Soal Penutupan 25 SPPG, KAMMI Gorontalo: Bukti Program MBG Gagal Dijalankan di Daerah

oleh -113 Dilihat
banner 468x60

Gorontalo – Kesatuan Aksi Mahasiswa Muslim Indonesia (KAMMI) Wilayah Gorontalo menyampaikan kritik keras terhadap penutupan sementara 25 Satuan Pelayanan Pemenuhan Gizi (SPPG) oleh Badan Gizi Nasional. Temuan ini dinilai sebagai bukti nyata bahwa penyelenggaraan program Makan Bergizi Gratis (MBG) di Gorontalo tidak berjalan sebagaimana mestinya.

Sidak Wakil Gubernur Gorontalo Idah Syahidah Rusli Habibie pada Rabu (8/4/2026) mengungkapkan bahwa puluhan SPPG tidak memenuhi standar dasar, termasuk ketiadaan atau ketidaksesuaian Instalasi Pengolahan Air Limbah (IPAL) dan tidak adanya Sertifikat Laik Higiene Sanitasi (SLHS).

Kepala Bidang Pengembangan Sumber Daya Manusia Strategis (PSDMS) KAMMI Wilayah Gorontalo, Fandi Mohamad, menilai jumlah SPPG yang ditutup begitu besar dan menunjukkan adanya kegagalan pengawasan serta ketidaksiapan penyelenggara program.

“Mari kita jujur saja, 25 SPPG yang ditutup itu bukan angka kecil. Ini cukup menjadi data bahwa implementasi program MBG di Gorontalo gagal dijalankan dengan benar,” tegas Fandi.

Ia menilai bahwa persoalan ini bukan semata-mata kesalahan teknis, melainkan hasil dari pengelolaan yang tidak profesional sejak awal.

“Program yang melibatkan makanan untuk anak sekolah seharusnya punya standar ketat. Kalau IPAL dan SLHS saja tidak beres, bagaimana kita memastikan keamanan makanan yang mereka konsumsi setiap hari?” lanjutnya.

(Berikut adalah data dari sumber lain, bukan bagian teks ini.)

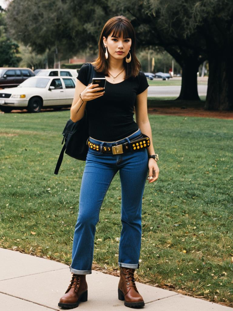 Pulp fiction mia costume, 1girl, solo, bag, long hair, phone, cellphone, earrings, pants, jewelry, brown hair, boots, belt, outdoors, smartphone, backpack, full body

Fandi menilai pemerintah daerah dan pihak SPPG telah lalai memastikan kesiapan sejak program dimulai.

“Ini bukan program kecil. Ini menyangkut kesehatan ribuan siswa. Kelalaian seperti ini tidak bisa ditoleransi. Pemerintah dan pengelola SPPG harus bertanggung jawab dan memperbaiki total sistem kerja mereka,” katanya.

KAMMI meminta pemerintah melakukan pembenahan menyeluruh dengan pengawasan ketat, bukan hanya menunggu sampai masalah meledak.

Fandi juga mengapresiasi langkah sidak yang dilakukan Wakil Gubernur, namun menilai bahwa tindakan ini harus ditindaklanjuti dengan pembinaan yang lebih serius dan sistematis.

“Kami mendesak pemerintah untuk melakukan pembinaan yang benar-benar substansial, bukan sekadar seremoni. Kepala SPPG harus mendapatkan pendampingan teknis yang memadai, terutama soal standar sanitasi, kualitas bahan pangan, dan manajemen dapur,” ujarnya.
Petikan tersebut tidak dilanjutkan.